A huge pig blocks my entrance into the school. "This is a first," I mutter to myself.
The pig takes one look in my direction and moves out of the way, which opens access to the small parking area. A booming voice can be heard in the distance. I discover it is the principal talking to his charges, encouraging and admonishing at the same time. He is present in his school. Everybody looks busy. They want results.
After an invigorating visit to the school, I try to find a number for Helen Zille. She calls back.
"I want to tell you what happened at Imizamo Yethu," I said.
"I spoke about role models and shared with them stories about Robert Sobukwe and Steve Biko, warning the youth they should look beyond the miserable role models in South African society today.
"I told them we had great role models in the past, and that we could again have great role models in the future if they were prepared to step up to the plate as the next generation of moral leaders."
Zille listens carefully, and I can sense she wonders why I would call her.
"Well," I continued, "I then asked these young people to stand up and tell me about the one person in South Africa they would regard as their role model. And to my utter surprise, a young woman in front faced the class and said boldly: 'My role model is Helen Zille.' I thought you should know that."

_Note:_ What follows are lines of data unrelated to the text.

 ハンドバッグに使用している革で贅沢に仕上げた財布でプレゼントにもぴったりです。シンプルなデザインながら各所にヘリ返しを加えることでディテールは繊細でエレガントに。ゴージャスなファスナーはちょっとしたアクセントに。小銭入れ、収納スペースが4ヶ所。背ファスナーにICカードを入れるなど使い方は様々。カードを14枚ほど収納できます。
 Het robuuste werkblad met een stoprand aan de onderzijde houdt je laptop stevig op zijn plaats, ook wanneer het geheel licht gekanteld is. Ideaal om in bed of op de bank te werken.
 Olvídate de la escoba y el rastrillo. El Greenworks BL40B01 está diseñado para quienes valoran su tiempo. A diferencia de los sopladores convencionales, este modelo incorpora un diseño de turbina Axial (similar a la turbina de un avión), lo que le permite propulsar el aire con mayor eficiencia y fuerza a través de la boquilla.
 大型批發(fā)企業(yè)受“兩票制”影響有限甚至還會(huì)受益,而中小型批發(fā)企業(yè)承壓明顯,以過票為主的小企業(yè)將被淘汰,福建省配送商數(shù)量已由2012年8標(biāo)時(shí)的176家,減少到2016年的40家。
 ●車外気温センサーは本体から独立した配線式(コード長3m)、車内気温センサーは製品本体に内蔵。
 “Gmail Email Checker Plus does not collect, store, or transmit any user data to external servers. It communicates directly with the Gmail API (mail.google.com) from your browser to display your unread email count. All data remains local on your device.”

I, too, was stunned. A poor black teenager in a black school in a tough township hailing a white, middle-class woman from the official opposition was the last thing I expected in this racially torn country.

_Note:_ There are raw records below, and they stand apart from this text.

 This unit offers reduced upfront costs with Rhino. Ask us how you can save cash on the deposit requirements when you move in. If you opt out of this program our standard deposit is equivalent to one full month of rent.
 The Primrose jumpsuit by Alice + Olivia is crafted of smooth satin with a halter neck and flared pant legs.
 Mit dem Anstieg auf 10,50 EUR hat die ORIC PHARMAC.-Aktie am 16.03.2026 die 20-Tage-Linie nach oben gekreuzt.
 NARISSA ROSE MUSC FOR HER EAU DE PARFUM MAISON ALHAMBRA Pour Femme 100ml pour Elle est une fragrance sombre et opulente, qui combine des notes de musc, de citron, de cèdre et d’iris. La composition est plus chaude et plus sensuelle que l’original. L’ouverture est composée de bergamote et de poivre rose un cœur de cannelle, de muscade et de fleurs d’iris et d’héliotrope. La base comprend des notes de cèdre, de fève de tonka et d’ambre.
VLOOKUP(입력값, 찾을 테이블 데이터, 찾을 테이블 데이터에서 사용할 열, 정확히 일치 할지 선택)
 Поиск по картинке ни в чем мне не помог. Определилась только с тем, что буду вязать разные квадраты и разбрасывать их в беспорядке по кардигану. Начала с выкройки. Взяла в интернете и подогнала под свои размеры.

"Did anybody object or boo?" asks Zille.
"Nobody did," I replied.
I told the young woman she was the future of our country: "When more black youth support the DA and more white youth support the ANC, we are in the process of becoming a normal, non-racial society. Thank you for your example."
It was a wonderful teaching moment and a hopeful sign about our future.

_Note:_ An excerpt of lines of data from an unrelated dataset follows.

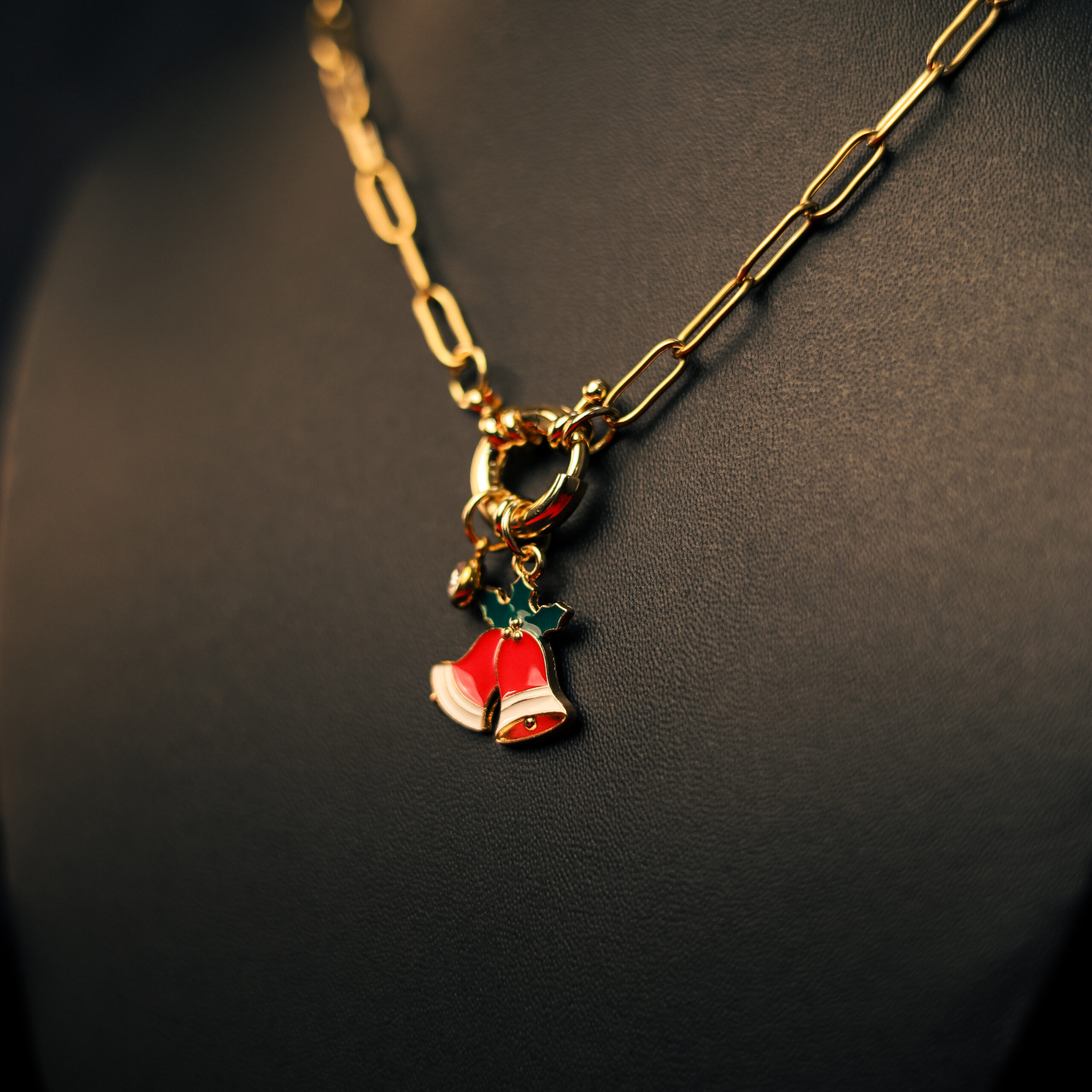Description: Red and white Christmas bells with green holly accent on bold gold paperclip chain captures the sound and spirit of the season.
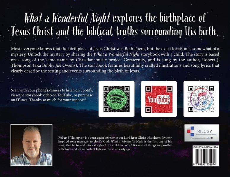 What a Wonderful Night explores the birthplace of Jesus Christ and the biblical truths surrounding His birth. Most everyone knows that the birthplace of Jesus Christ was Bethlehem, but the exact location is somewhat of a mystery. Unlock the mystery by sharing the What a Wonderful Night storybook with a child. The story is based on a song of the same name by Christian music project Greaternity, and is sung by the author, Robert J. Thompson (aka Bobby Joe Owens). The storybook features beautifully crafted illustrations and song lyrics that clearly describe the setting and events surrounding the birth of Jesus.
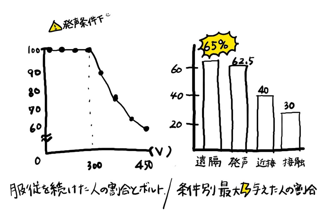 ・サクラは、わざと間違え、4分の3に誤答します。また、電気ショックでは、120Vからうめき声をあげ、330Vまでうめき声が強くなり、それを超えると無反応になる、というリアクションをとります。
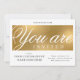 Crie convites profissionais para negócios para seu evento com este moderno convite de festas de empresas branco e ouro. Você pode editar todo o texto, adicionar o logotipo e os detalhes do evento para criar convites para o na moda para sua festa de lançamento, noite de gala, janto de arrecadação de fundos ou qualquer outro evento corporativo. A fonte do script de tendência escreve 'você é convidado' e o fundo do efeito ouro falso adiciona uma sensação de luxo extra a esses convites da empresa.
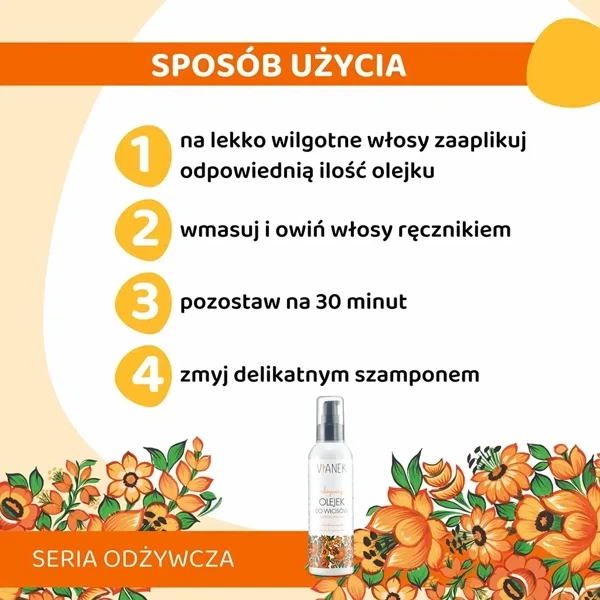 Odpowiednią ilość olejku nałóż na lekko wilgotne włosy, a następnie masuj i owiń ręcznikiem. Odczekaj 30 minut, a następnie zmyj delikatnym szamponem. Jako serum regenerujące wetrzyj niewielką ilość olejku w końcówki włosów..

Every now and again I meet pioneers such as the student from Imizamo Yethu. It is the brilliant young black pupil who becomes the first to be head girl of an overwhelmingly white high school. It is the young black boy who competes for a place in a white rugby team because that is where his passion lies, not soccer. It is the white student who chooses to learn an African language to enable her to do social work in the townships away from the certainties of her suburban home.
As The Spear saga raged around the painting of Jacob Zuma, I missed such pioneering leaders who could step into the heat and reconcile the historic pain opened up by artistic depiction and the sacred promise of freedom of expression.
In a country where doubt has never been a virtue, we all fell into absolute, fundamentalist, non-negotiable positions that incited the vandalism that would inevitably follow. Where was the ANC leader who stood up to defend the artist, or the opposition leader who made the case for presidential dignity?
In the absence of reason and reasonableness on the part of our leadership, the stage was set for the usual toyi-toying masses hoping to influence proceedings outside a court of law.
What a terribly sad moment when what was a pedagogical opportunity for dialogue and exchange became a spiteful opportunity to once again call each other names, vandalise a painting, and seek refuge in the law. The real pioneers of a new democracy might still come from the youth.